The school is part of the Isle of Man's Higher Education Centre, offering a supportive and resource-rich environment for its approximately 300 full-time and part-time students. Although most students are local, the school also attracts a growing number of international students.

The International Business School benefits from the broader facilities of the Higher Education Centre, including a main campus equipped with over 300 computer terminals and a library housing more than 25,000 items relevant to its academic programmes. Within the school itself, students have access to two dedicated computer suites, campus-wide broadband and Wi-Fi, and comprehensive online access to academic journals and papers. The library includes all core textbooks as well as recommended additional reading materials.

Admission to business degree programmes at the Isle of Man International Business School typically requires a minimum of 240 UCAS points, with at least 160 from A-levels. However, applications are assessed on a case-by-case basis, and interviews are often part of the admissions process.
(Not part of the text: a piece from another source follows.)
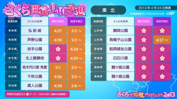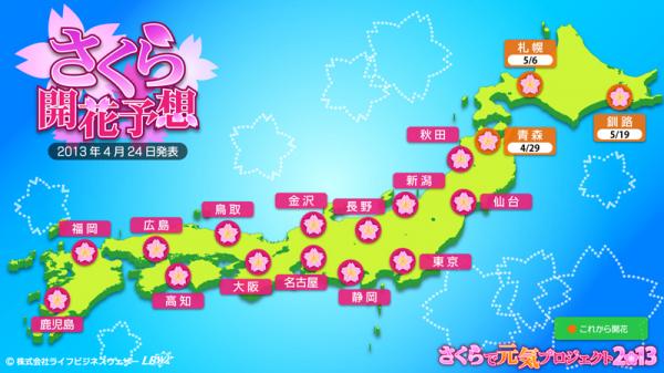 引き続き、さくらで元気プロジェクト2013に賛同して頂ける各種メディア・CP(コンテンツプロバイダー)・企業・個人開発者様を“さくらで元気パートナー”と称し、広く募集しています。さくらで元気パートナーにご登録頂くと(無料)、さくら情報のデータ(CSV形式)や画像、お天気画像を無償でご利用頂けます。ぜひ、特設サイトよりご登録下さい。【特設サイト】http://tenki.lbw.jp/sakura2013/

All applicants must possess relevant A-levels or equivalent qualifications to be considered.

Students receive close academic support through a strong personal tutor system and small class sizes, which are taught by highly qualified and experienced lecturers. In 2010, 25% of undergraduate students graduated with first-class honours. The school also offers modern lecture theatres, well-equipped teaching rooms, and study spaces, and its catering facilities include services from an award-winning French chef. All degree courses are validated by Liverpool John Moores University or the University of Chester.

==Research==
The Isle of Man International Business School hosts the Small States and Islands Research Centre, established to support research and dialogue on issues facing small states and island nations. Its first event, a workshop titled "Branding Islands and Small States: Challenges and Best Practices", was held in June 2010 at the Nunnery in Douglas. The workshop featured international experts in country branding, including Robert Govers, Alistair Audsley, Tim Cullen, and Wally Olins, and was attended by policymakers, academics, and business professionals.